Possantes azuis, vermelhos, laranjas, amarelos misturam-se em figuras mitológicas, que vão das sereias aos touros, cabras, cavalos, mulheres de outras geografias, sensualidade robusta que se agarra a outras referências, não só da cultura erudita, mas também da popular: da mais expressiva Virgem e o Menino, qual “La Via Lactea”, de Rubens, ao Rato Mickey, da Disney. O Centauro, D. Quixote e Sancho Pança, Ulisses, Diana e Ácteon, Europa, Eva, Adão e a Serpente, estão lá as alegorias e o traço inconfundível de um artista que gostava da narrativa e de com ela nos baralhar. Não só para baralhar, mas também para ensinar, sobretudo os mais jovens.
Lourdes Castro entre amigos
Galeria Ratton, Lisboa, até 29 de julho
Uma joia de exposição.
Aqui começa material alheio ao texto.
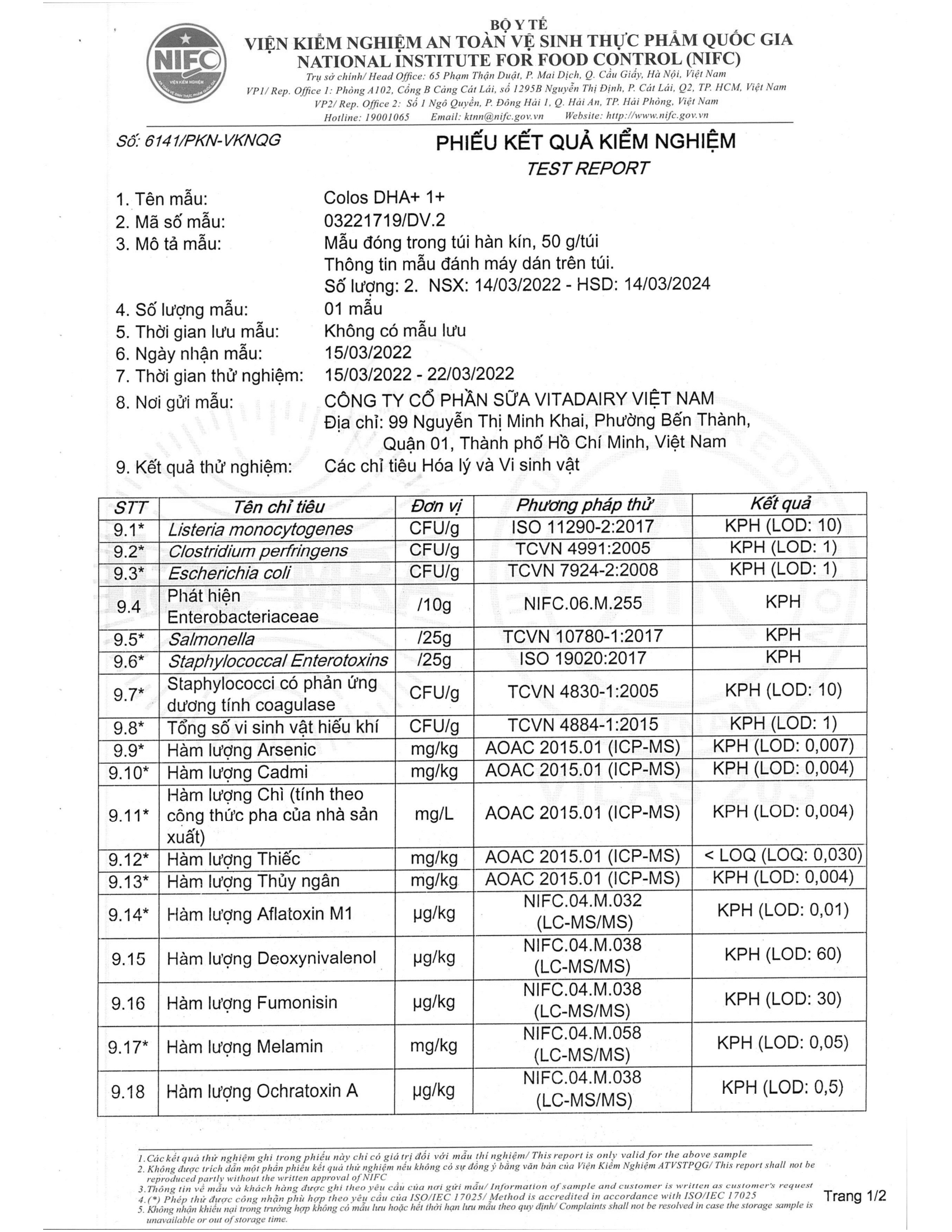 ✨Sữa bột Colos DHA+ 1+ / hộp 800g

Assim se pode traduzir esta pequena mostra numa galeria que historicamente se relacionou muito com a artista recentemente falecida. Composta por apontamentos artísticos de vários dos autores que com Lourdes Castro se relacionaram, a exposição põe em destaque a simplicidade delicada do seu trabalho, vai buscar o seu eterno jogo de sombras para o suporte do azulejo — a cerâmica é, de resto, o material de eleição da Ratton –, e permite-se colorir a vida de quem olha as suas obras com uma ingenuidade inquietante, da qual tudo renasce com o sabor da beleza.
De René Bertholo, com os seus “Anjo e Anja” absolutamente deliciosos (na foto), a Júlio Pomar com o seu “Gato Músico” a namoriscar as preciosas “Grinaldas” de Lourdes Castro, a Jan Voss, João Vieira ou Costa Pinheiro e os seus “Cavalinhos da Armada de D. Sebastião”, todos do célebre grupo KWY, a António Dacosta ou a Jorge Martins, e ainda a Pedro Morais. Esta coletiva é enriquecida por um vídeo de 25 minutos da autoria de Teresa Martha realizado no início da década de 80 sobre o Teatro de Sombras de Lourdes e Manuel Zimbro, uma espécie de making of espantoso de tão frágil levado a cabo em casa dos dois artistas em Paris.